ええい往生際が悪い! 自分を奮い立たせ、エイヤでガブッとかじる。……おっ? バニラ風味の……これはもしかして、おいし──
……と思ったのもつかのま。だめだ。これはだめだ。なんでそうなるんだ。喉の奥がしびれる甘さが来たあと、猛烈なえぐ味がひろがり、そして塩っ気が「俺も忘れちゃ困るな!」と主張してくる。やめてくれ。主張はいらないんだ。
たかが棒アイス、食って食えないことはない! と噛み進めていくほど、味は長く口にとどまり、重層的に広がっていく。混沌のマリアージュだ。最後は「もう許して……」とアイスに命乞いをしながら、なんとか完食までたどりついた。
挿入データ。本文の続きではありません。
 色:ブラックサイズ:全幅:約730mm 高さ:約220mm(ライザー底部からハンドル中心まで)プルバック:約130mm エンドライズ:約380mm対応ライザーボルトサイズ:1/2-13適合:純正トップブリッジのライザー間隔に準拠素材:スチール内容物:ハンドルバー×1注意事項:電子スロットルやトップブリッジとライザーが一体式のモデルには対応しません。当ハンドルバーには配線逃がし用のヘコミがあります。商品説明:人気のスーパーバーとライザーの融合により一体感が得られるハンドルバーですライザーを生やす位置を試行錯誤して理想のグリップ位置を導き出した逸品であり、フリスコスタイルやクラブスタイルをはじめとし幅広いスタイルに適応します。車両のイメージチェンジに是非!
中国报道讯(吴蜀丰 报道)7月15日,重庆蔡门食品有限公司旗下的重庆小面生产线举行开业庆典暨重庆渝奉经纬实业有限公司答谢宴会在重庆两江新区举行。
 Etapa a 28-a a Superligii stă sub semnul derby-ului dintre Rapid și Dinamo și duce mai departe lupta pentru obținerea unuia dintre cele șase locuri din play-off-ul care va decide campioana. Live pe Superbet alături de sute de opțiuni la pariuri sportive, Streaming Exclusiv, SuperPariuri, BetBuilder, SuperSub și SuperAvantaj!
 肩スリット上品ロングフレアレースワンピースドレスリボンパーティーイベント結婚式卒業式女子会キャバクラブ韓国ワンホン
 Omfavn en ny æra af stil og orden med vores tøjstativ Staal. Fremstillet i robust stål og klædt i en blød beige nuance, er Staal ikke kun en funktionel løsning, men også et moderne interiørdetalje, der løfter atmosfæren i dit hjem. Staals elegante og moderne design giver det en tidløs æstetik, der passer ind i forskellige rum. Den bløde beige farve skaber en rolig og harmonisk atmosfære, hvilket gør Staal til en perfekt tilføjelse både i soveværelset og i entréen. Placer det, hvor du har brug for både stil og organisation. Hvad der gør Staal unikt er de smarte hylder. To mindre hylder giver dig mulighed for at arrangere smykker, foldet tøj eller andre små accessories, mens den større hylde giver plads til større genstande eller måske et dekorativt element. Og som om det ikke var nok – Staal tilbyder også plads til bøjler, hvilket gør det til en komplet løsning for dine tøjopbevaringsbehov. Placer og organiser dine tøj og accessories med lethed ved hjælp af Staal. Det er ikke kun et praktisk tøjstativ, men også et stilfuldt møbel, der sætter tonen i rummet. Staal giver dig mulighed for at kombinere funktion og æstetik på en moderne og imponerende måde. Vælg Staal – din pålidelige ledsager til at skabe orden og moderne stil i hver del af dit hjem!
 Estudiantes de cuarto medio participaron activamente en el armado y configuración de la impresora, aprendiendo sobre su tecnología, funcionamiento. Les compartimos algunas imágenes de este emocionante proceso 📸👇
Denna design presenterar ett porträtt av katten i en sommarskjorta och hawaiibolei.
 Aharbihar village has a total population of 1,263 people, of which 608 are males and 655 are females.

よろよろしながらホテルに着き、ジンで口をゆすいだあと、17時なのにもう真っ暗な外を眺めながら、しばらく茫洋とした気分になってしまった。
▲地元の映像制作会社Cocoa Helsinkiがサルミアッキアイスをいろんな人に食べさせた動画。みんなわたしと同じような顔をしていて安心した
フィンランドの国民的叙事詩『カレワラ』によれば、世界のはじまりは暗黒の海だ。身ごもったまま海をただよっていた乙女のひざに、どこからか飛んできた小鳥が巣をつくった。やがて小鳥は卵を生んだが、卵は巣から転げ落ちた。こわれた卵の殻は天と地となり、黄身からは太陽、白身からは月が生まれた。
それがどうということはないのだが、フィンランドの神話にさえ登場する深い深い闇と、どこまでも黒いサルミアッキの間にどこか因縁めいたものを感じてしまった。もしかしたらこれは“あちらの世界”の味なのかもしれない。
ちなみに編集部におみやげとして買った初心者向けのリコリスキャンデー「ラクリッツ」でも、「え?タイヤ?」「食べものくれるって言いましたよね」「お茶は? ねえお茶はどこ???」と暴動が起きかけた。
このままだとフィンランドの不名誉になるので挽回しておくと、フィンランドにも普通においしいものはたくさんあるのだ。